Przede wszystkim jednak jest chłodna. Zimno towarzyszy Wam na każdym kroku, przeszywa do kości i nie daje się zwalczyć nawet ciepłem świecy czy odkrytego w jednym z pomieszczeń kominka. I czy tylko Wam się wydaje, czy w niektórych pokojach jest zimniej, niż w innych?
W wielkim hallu znajdujecie wycinek wyrwany z gazety, niekompletny, ale najwyraźniej łączący się z historią domu, w którym przebywacie. Domu i jego mieszkańców. Z kilku zdań wnioskujecie, że miała tu miejsce tragedia – nagła, tajemnicza i nie do końca wyjaśniona śmierć mieszkanki rezydencji. Młodej mieszkanki…
Postanawiacie się rozdzielić – po części by znaleźć źródło tych dźwięków, a po części by zaspokoić ciekawość. Historia tego domu fascynuje Was niemal tak samo, jak spontanicznie gasnące świece czy pojawiające się tu i ówdzie wskazówki, zdające się prowadzić Was ku prawdzie. Rozchodzicie się każde w inną stronę, ruszając na spotkanie tajemnicy.
To będzie długa noc.
Do źródła gęsiej skórki
The Presence zaprasza graczy do świata wiktoriańskiego horroru, w którym jeden z nich wcieli się w rolę ducha, pozostali zaś – w role gości, odwiedzających tajemniczą, nawiedzoną rezydencję.

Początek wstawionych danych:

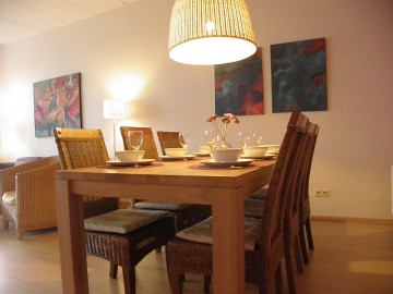 Wir bieten Ihnen für einen entspannten Urlaub eine ebenerdige komfortable Ferienwohnung, die sich durch eine qualitativ hochwertige & moderne Ausstattung auszeichnet. Sie ist sehr schön eingerichtet. Die Wohnung hat 1 Schlafzimmer mit einem Doppelbett + Babybett (steht zur Verfügung) und 1 Schlafzimmer mit einem Hochbett und einem Einzelbett. Großzügiger lichtdurchfluteter Wohn- Essraum, Flat-TV 42 Zoll, DVD-Player, Stereoanlage, DVD, CD, Spiele für Groß und Klein und diverse Bücher vorhanden. Die moderne Küche lädt zum Kochen ein! Das große helle Bad besitzt eine begehbare Dusche und eine Badewanne. Es wird im Januar 2012 komplett modernisiert und seniorengerecht angepasst! Die große, teil überdachte Terrasse mit Gartenmöbeln und einem unverbauten Blick in die Natür oder den Deich lädt zur Entspannung nach dem Strandspaziergang ein. Ein Glas Wein in der Natur! Genuss pur!

Zadaniem gości będzie odkrycie czterech Sekretów – informacji związanych z dramatyczną śmiercią ducha. Zadanie to wykonają po części zbierając rozsiane po pokojach wskazówki, a po części drogą dedukcji, przypisując wskazówki danego typu do konkretnego sekretu. Na szczęście, nie są w tym skazani wyłącznie na własne zdolności percepcji. W budynku znajdą przydatne przedmioty, bez których żaden kontakt z zaświatami nie byłby możliwy – jak zaklęty pierścień, butelkę laudanum czy talię kart Tarota.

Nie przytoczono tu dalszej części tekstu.